This week, Foreign Affairs Minister Peter MacKay, on a visit to
Afghanistan, called on Pakistan and Iran to stop supplying the Taliban
with weaponry. Officials from Canada have also been working to help
Afghanistan and Pakistan discuss border controls with one another.
Afghan President Hamid Karzai travelled to Pakistan to meet his
counterpart, Pervez Mussharaf, and Ms. Bhutto this week, ahead of the
scheduled Pakistan election.
At the time, all three leaders had survived multiple assassination
attempts, hatched by extremists who have found havens in a no man's land
between the countries.
Ms. Bhutto was killed hours after meeting Mr. Karzai, who eulogized her
as a woman whose views against terrorism were "so strong that no doubt
those who are against peace and stability in this part of the world were
afraid of her."
Other Afghans were less generous in their assessments. "I feel happy,"
said Nasrollah Khan, a 40-year-old teacher from Kandahar. "She was not a
religious woman."
He pointed out that Ms. Bhutto had a role in encouraging the Taliban
movement while leading the Pakistani government in the early 1990s.

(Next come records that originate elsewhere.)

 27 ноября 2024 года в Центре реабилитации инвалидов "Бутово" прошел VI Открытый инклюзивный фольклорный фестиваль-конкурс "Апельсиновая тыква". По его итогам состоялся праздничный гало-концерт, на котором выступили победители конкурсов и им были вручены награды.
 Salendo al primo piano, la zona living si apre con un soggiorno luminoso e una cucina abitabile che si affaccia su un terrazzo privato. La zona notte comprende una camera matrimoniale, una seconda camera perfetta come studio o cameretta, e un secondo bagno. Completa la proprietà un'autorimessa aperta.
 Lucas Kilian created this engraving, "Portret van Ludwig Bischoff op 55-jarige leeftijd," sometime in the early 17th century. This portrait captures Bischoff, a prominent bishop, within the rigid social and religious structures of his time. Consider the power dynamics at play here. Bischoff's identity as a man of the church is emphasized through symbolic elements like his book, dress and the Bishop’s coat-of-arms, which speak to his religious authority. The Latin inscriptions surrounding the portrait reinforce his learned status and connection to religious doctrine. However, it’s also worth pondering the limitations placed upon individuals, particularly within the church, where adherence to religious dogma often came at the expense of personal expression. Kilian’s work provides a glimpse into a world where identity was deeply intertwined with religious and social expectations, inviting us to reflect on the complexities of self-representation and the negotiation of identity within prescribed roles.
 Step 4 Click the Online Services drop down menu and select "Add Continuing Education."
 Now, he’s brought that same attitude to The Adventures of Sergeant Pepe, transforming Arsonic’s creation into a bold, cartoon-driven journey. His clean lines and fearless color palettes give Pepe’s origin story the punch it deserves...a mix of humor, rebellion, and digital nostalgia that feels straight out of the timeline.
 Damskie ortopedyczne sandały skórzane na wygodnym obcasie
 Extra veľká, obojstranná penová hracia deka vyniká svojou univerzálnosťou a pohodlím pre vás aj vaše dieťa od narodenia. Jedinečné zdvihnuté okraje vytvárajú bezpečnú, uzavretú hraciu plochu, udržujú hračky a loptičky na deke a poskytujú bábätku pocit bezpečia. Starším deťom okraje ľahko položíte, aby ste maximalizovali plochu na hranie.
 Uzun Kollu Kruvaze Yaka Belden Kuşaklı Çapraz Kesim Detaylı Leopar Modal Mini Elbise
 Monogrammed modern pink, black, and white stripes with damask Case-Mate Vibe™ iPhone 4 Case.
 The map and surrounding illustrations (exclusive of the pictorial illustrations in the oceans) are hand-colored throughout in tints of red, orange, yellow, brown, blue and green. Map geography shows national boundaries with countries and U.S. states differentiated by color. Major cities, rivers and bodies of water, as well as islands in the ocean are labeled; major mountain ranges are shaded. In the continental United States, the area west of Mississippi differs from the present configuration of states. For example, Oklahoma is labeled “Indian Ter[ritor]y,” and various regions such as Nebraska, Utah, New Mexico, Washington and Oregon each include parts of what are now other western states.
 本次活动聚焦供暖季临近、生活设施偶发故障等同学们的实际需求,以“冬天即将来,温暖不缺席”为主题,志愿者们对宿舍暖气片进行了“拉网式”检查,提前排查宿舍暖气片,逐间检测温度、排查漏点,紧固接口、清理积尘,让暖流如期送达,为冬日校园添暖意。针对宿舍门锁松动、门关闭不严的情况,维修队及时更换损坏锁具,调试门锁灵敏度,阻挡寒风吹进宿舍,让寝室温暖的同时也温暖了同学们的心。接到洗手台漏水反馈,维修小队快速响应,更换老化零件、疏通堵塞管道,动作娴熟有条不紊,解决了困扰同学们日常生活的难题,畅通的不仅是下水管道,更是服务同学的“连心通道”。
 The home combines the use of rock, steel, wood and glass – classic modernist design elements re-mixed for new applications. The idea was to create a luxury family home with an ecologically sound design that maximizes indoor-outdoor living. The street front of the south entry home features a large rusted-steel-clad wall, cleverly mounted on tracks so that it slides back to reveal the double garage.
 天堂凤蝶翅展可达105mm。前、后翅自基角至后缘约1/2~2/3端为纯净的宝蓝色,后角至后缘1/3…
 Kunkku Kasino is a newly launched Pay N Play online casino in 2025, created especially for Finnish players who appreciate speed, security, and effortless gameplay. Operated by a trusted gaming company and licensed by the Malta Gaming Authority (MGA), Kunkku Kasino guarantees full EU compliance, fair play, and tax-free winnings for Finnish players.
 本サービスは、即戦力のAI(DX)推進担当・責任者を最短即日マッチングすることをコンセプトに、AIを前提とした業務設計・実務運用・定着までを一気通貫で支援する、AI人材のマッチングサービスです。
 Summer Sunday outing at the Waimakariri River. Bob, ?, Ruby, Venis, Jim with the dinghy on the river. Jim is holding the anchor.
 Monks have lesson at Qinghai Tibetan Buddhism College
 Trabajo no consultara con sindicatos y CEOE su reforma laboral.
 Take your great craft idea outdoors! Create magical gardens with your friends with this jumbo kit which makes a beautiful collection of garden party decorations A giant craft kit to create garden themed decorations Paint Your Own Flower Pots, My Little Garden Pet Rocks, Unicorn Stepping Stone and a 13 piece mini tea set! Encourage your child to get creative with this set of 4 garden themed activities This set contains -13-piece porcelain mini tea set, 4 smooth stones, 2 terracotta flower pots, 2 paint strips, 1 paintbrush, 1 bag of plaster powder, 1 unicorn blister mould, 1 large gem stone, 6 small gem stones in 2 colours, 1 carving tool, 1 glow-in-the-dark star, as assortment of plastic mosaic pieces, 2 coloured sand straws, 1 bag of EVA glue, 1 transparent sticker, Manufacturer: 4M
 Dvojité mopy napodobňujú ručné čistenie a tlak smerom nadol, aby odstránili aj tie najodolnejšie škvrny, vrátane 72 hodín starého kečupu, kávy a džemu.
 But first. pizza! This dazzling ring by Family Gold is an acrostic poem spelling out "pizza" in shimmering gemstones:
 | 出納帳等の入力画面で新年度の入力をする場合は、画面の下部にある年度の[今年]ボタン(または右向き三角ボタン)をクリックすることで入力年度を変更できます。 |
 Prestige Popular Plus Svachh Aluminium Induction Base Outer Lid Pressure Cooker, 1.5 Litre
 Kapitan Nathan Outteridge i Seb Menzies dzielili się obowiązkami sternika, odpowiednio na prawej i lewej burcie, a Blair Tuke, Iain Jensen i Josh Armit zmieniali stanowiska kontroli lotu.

"This fighting in Afghanistan, this was the work of Benazir Bhutto,
another prime minister, and the ISI," Mr. Khan said. "So when I heard
the news I said, 'Oh good:' They wanted to make fire in Afghanistan, now
the fire has reached Pakistan."
Asked who could put out the fire, he said he doubted that anyone in the
region could.
He suggested that "the world" would have to intervene. A United States
and NATO led coalition has already committed 40,000 troops to
Afghanistan.
Other Kandaharis suggested that in crisis there is opportunity. Sabir
Ali, 29, said that Pakistan is now going to have to focus all its
energies inward and become so preoccupied with internal politics it
won't have time to meddle in Afghanistan's affairs.
"Pakistan will face fighting in their political groups, so they will
forget Afghanistan," Mr. Ali said. "They will stop giving money to
Taliban. This is a good chance for Afghanistan."